I stared at her and she, with her long face turned into the sun, must have felt me staring. How many layers of pretense and subterfuge was she made of? Was there a pure, unadulterated Rose underneath, or had she become the things she pretended to be? She was older than me by more than just the years between us.
As if she had read my thoughts, she said, “You’re still just a kid.” And that seemed about right, until she turned to me and revealed the face she’d assembled to go along with the statement: a contemptuous smirk, her eyebrows arched in naked moral superiority, and the tiniest ghost of doubt concealed underneath, like a thief silhouetted behind a billowing curtain. She was trying to chase me out.

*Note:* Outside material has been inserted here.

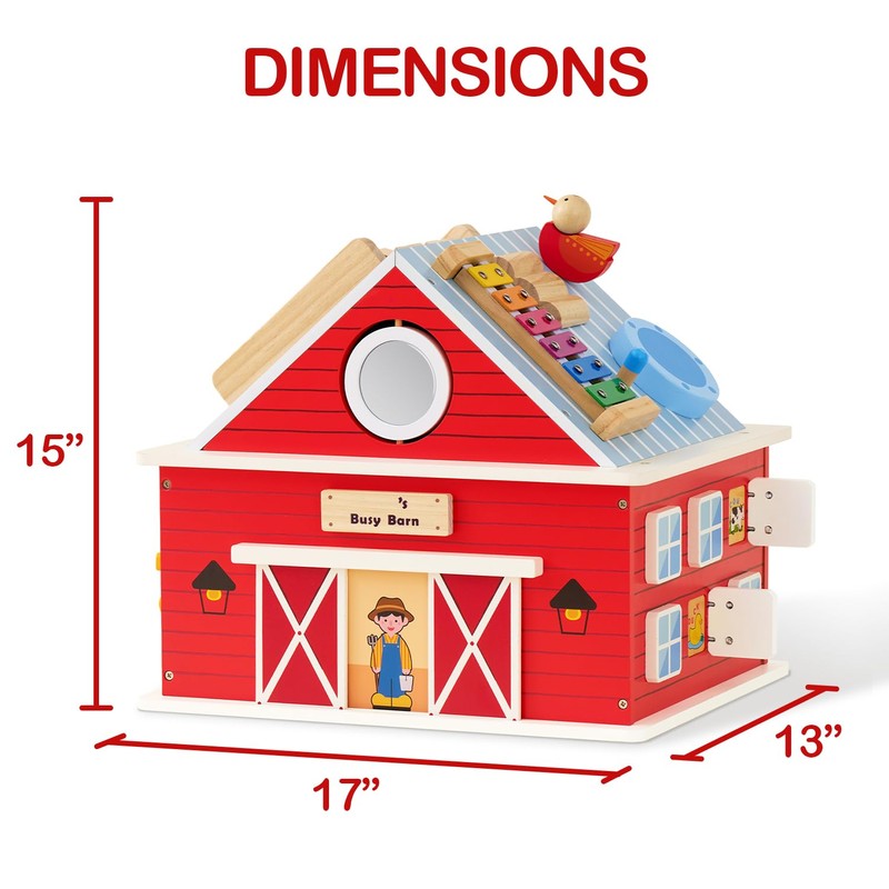 - 12-in-1 Open-Ended Activities – Spinning gears, sliding tracks, peek-a-boo barn doors, animal tiles, flip blocks and more keep little hands busy while building fine-motor and problem-solving skills.

It was hard to resist. I got up, setting my juice glass on the floor at my feet. “Funny how I’m the one taking the adult responsibilities around here,” I said, and started to leave.
“Wait,” she said, in a voice almost too quiet to hear. I was nearly to the door by then. The room grew tense, as if polarized by our talk, and in the silence the air seemed to glow with its energy. “I’ll help. I’ll help take care of her.”
I looked back: her body was shut tight, knees and hands together, turned toward the windows. I saw the bagel bag lying neglected on the table and I wanted another.
“You mean it?” I asked.
She nodded. “We can work out the details later.”
I considered going to her, but I knew she didn’t want me to, and to be honest, I didn’t want to either. I said, more quietly than I had intended, “Thank you, Rose,” and walked out.
* * *
I didn’t feel like sorting out the mess the conversation was already becoming in my head, and so I tried to put my plan back on track: I walked with the intention of stopping myself every twenty blocks for one thing or another, an art gallery, a cup of coffee, lunch. The idea was to clear my head to make room for the work I’d have to start doing when I got home. Instead, every step seemed to shake loose another anxiety: the cartoon, Mom, money, my future. The coffee I bought tasted stale, and the art I looked at in the usual galleries seemed too aggressive, too eager to please, or offend, or prove something. I avoided inventing a destination, but all the same I wasn’t surprised when I found myself in SoHo, nosing around the galleries near Delicious Duck, hurrying past work that deserved perhaps a second look, to get myself back on the street. I studied passersby, letting them take on her shape for the smallest fraction of a second, letting my blood run thick and sludgy with longing. I made no mistake about the longing: it was for a sympathetic ear, for a sounding board. But of course there was more to it than that, and for that undefined more I kept myself from rushing to her building and ringing her from the desk.
As it turned out I didn’t have to. I watched her walk into the restaurant from a block away. Once she was inside, I made a run for it, hoping to make it before she ordered, in the event that we might do it together. I found her huddled in the cavernous dim of the place, her sunglasses absently left on, buried in an ornate, finger-softened cardboard menu. She seemed to have trouble reading it.